とはいえ、甘んじて受け入れることだけはしたくなかった。選手が入れ替わる中で、内田はもがいた。
「僕は、チームを支えるとかカバーするというよりも、ベンチに座るために来たんじゃないってことを、練習でアピールするってことが大事なんだなって思いましたね。いい子ぶって、チームのためにって思うのも大事かもしれないけど、でも、そこは日本人だなっていうか。そういうところを自分が出して、ギリギリまでポジション争いに絡んでいったほうがよかったんだなって思いましたね。そのときは、俺は出ないから、だったらチームのためにって思ってましたけど。

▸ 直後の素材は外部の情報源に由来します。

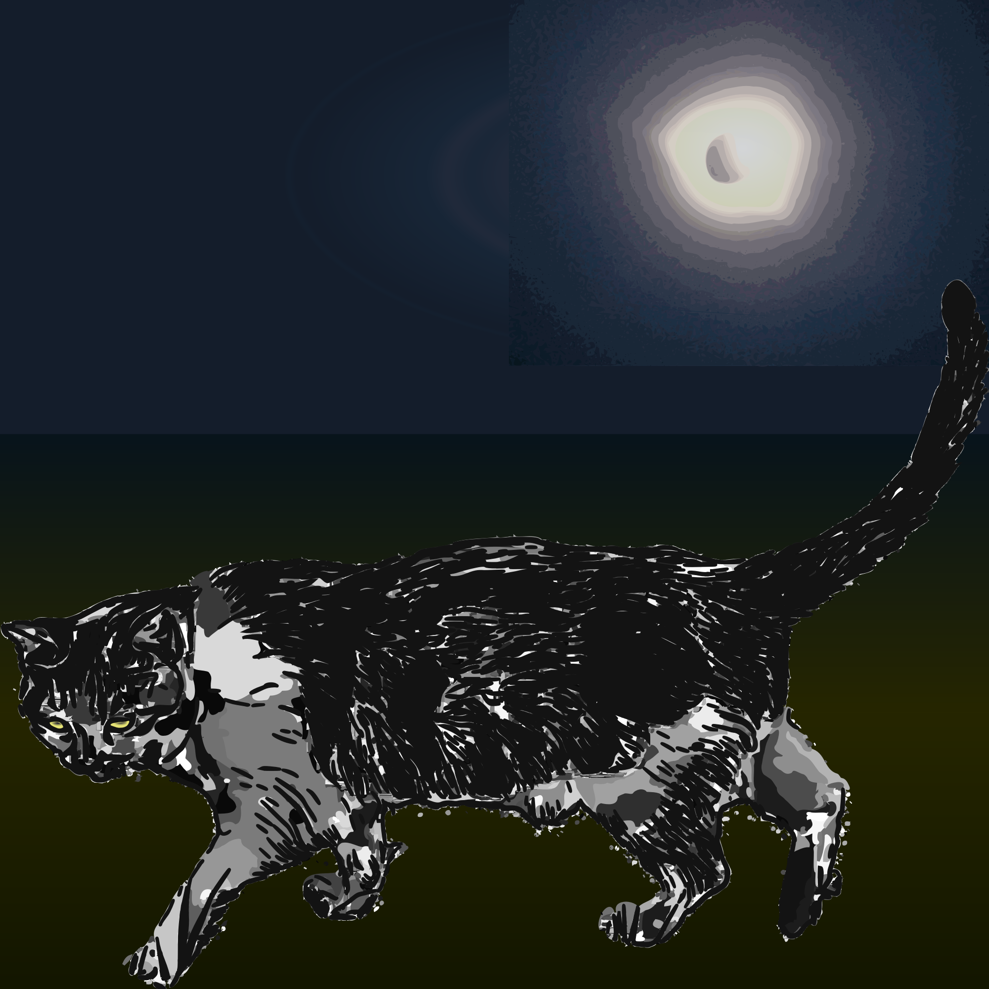 Cat and Selene are old friends, of course, but once in a while Helios drops by. a little camera shy, tho. this is from the last eclipse, and i tried to blend it but you can still see the lines... laura marling 'howl' played just as i was finishing :-)

だから、もし今回直前で外れたとしても、チームの助けはするけど、やっぱりベンチに座りに来たんじゃないっていう意識ではいるし、それは若い選手とかに言いたいんですよね。後悔するぞって」
内田にとって、ベンチに座ることは悔しいこと。プロの選手であれば当然の感情だが、彼にとっては、それがさらに強かった。ただ、このコメントからも分かるように、決してエゴからの発言ではない。チームに貢献することとは別に、彼の闘争本能は燃えるのだ。右ひざの手術後、試合に出られない時間を過ごしたことは、内田にとって大きかっただろう。
2020年、引退という決断をしたとしても、その闘争心が弱まったとは思えない。きっと、新たな舞台に視線を向け、“ベンチに座るために来たんじゃない”と闘争心を燃やすはずだ。